Exercise - An exact copy of every entry is needed, with no images.

Dataset records -
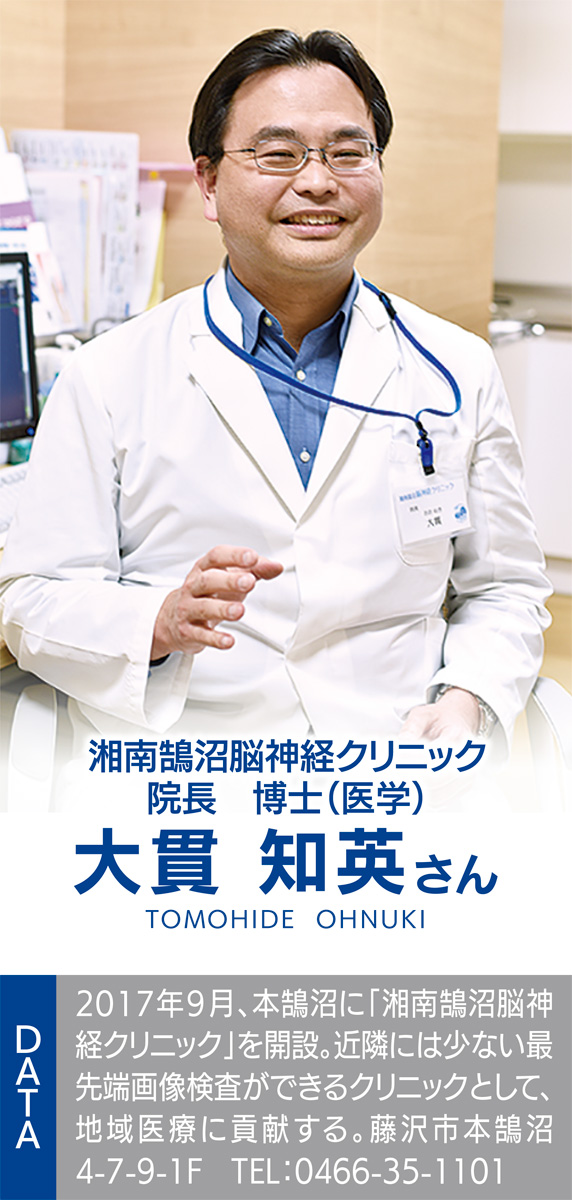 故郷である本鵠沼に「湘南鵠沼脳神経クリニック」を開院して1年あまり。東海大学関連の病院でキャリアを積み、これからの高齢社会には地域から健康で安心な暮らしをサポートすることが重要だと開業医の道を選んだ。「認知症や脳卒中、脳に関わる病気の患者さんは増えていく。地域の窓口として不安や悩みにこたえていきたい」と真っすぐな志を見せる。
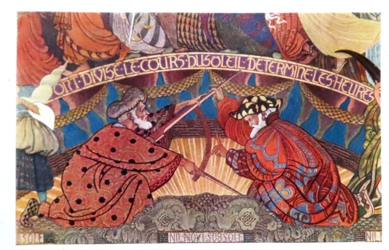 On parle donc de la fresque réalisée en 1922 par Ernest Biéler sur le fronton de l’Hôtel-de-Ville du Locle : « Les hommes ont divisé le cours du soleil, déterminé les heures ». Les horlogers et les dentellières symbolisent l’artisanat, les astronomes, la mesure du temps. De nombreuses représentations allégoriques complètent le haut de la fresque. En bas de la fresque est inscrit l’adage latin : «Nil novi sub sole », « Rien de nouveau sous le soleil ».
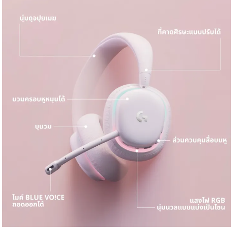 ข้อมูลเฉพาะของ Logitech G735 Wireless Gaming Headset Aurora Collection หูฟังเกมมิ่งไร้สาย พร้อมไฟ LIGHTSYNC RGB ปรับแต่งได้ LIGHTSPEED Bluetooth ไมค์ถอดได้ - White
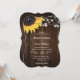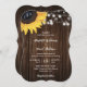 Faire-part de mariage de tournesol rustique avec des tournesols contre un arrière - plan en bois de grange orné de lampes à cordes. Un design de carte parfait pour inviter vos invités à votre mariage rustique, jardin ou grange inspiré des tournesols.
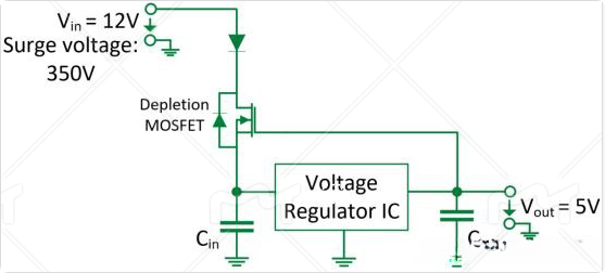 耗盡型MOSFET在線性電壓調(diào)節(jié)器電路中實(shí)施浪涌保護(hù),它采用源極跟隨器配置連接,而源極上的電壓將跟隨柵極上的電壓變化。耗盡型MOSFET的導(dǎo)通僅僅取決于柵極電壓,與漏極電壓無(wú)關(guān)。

Response -
 故郷である本鵠沼に「湘南鵠沼脳神経クリニック」を開院して1年あまり。東海大学関連の病院でキャリアを積み、これからの高齢社会には地域から健康で安心な暮らしをサポートすることが重要だと開業医の道を選んだ。「認知症や脳卒中、脳に関わる病気の患者さんは増えていく。地域の窓口として不安や悩みにこたえていきたい」と真っすぐな志を見せる。
 On parle donc de la fresque réalisée en 1922 par Ernest Biéler sur le fronton de l’Hôtel-de-Ville du Locle : « Les hommes ont divisé le cours du soleil, déterminé les heures ». Les horlogers et les dentellières symbolisent l’artisanat, les astronomes, la mesure du temps. De nombreuses représentations allégoriques complètent le haut de la fresque. En bas de la fresque est inscrit l’adage latin : «Nil novi sub sole », « Rien de nouveau sous le soleil ».
 ข้อมูลเฉพาะของ Logitech G735 Wireless Gaming Headset Aurora Collection หูฟังเกมมิ่งไร้สาย พร้อมไฟ LIGHTSYNC RGB ปรับแต่งได้ LIGHTSPEED Bluetooth ไมค์ถอดได้ - White
 Faire-part de mariage de tournesol rustique avec des tournesols contre un arrière - plan en bois de grange orné de lampes à cordes. Un design de carte parfait pour inviter vos invités à votre mariage rustique, jardin ou grange inspiré des tournesols.
 耗盡型MOSFET在線性電壓調(diào)節(jié)器電路中實(shí)施浪涌保護(hù),它采用源極跟隨器配置連接,而源極上的電壓將跟隨柵極上的電壓變化。耗盡型MOSFET的導(dǎo)通僅僅取決于柵極電壓,與漏極電壓無(wú)關(guān)。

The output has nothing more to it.